In pre-Roman Sardinia, according to ancient historians, elderly citizens unable to pay their way in society were first intoxicated with an herb and then beaten to death or thrown from a cliff. Talk about cutting back on health care costs! The herb, long presumed to be of the Oenanthe (wine flower) genus, causes the facial muscles to lock into a strained smile, a trait referred to in ancient literature as risus sardonicus. The doomed seniors, it would seem, went to their deaths with a forced smile of sorts.

In a recent issue of the Journal of Natural Products (2009, 72, 962), an international team of chemists, molecular biologists, and neuroscientists reports on its investigation of Oenanthe plants, arguing that their data point to a particular species common in Sardinia, O. crocata, as the elder-intoxicating plant. In a close relative of this plant, the researchers found 17-carbon polyacetylenic alcohols with a neurotoxic mode of action that jibes with historical descriptions of the symptoms.

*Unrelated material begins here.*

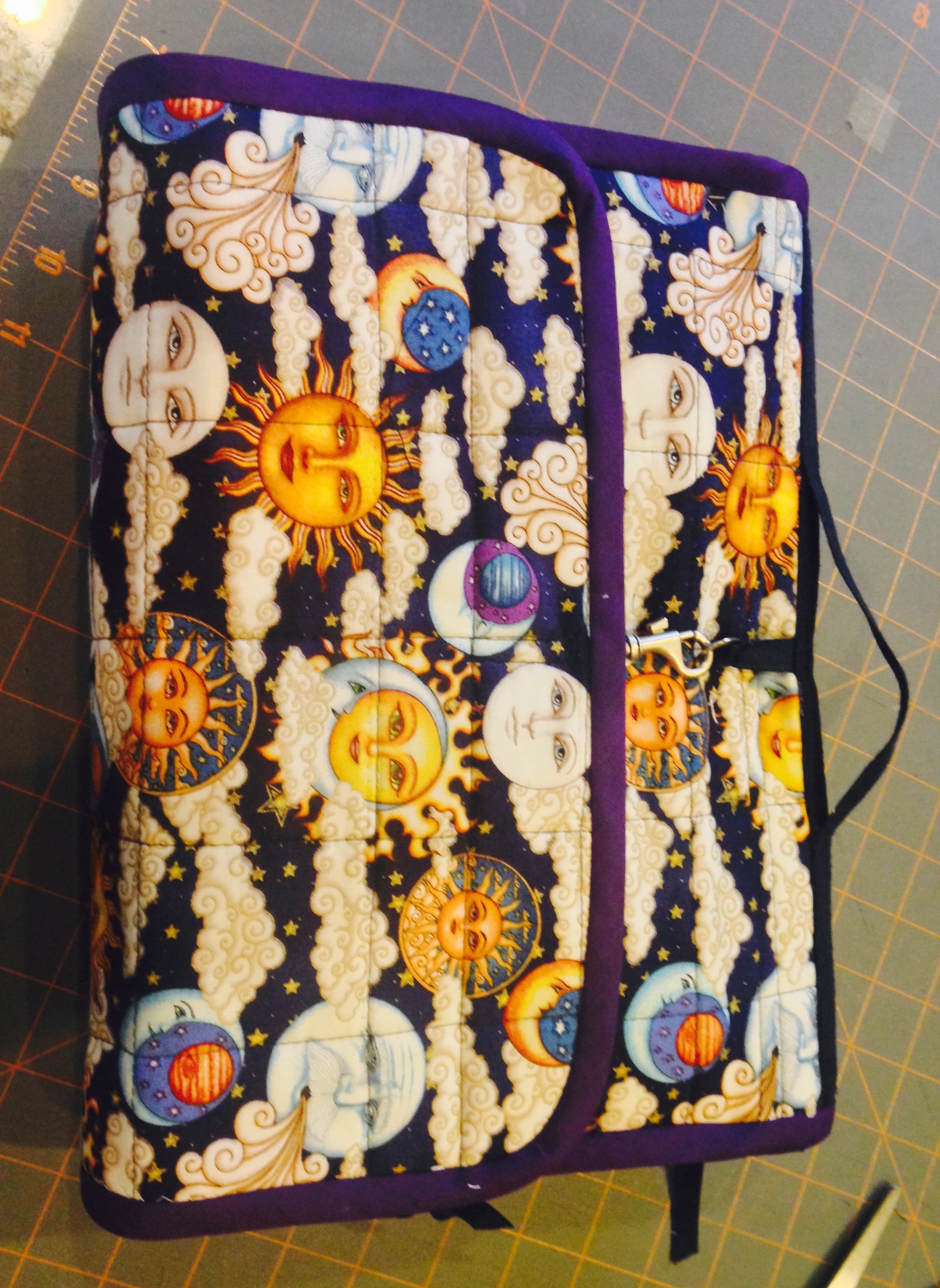 We visited The Stash and she selected a Stars and Moon Face fabric.  A yellow quilting cotton was used for the lining.

The researchers first extracted several compounds from the plant's roots and seeds and determined the absolute configuration of three of them, a small chemical advance over previous work with these compounds. They then showed in neuronal cell cultures that two of these toxins—oenanthotoxin and dihydrooenanthotoxin—potently block receptors to the neurotransmitter gamma-aminobutyric acid (GABA). These observations, the researchers contend, point to a molecular mechanism that can account for the sardonic smile ancient authors had described.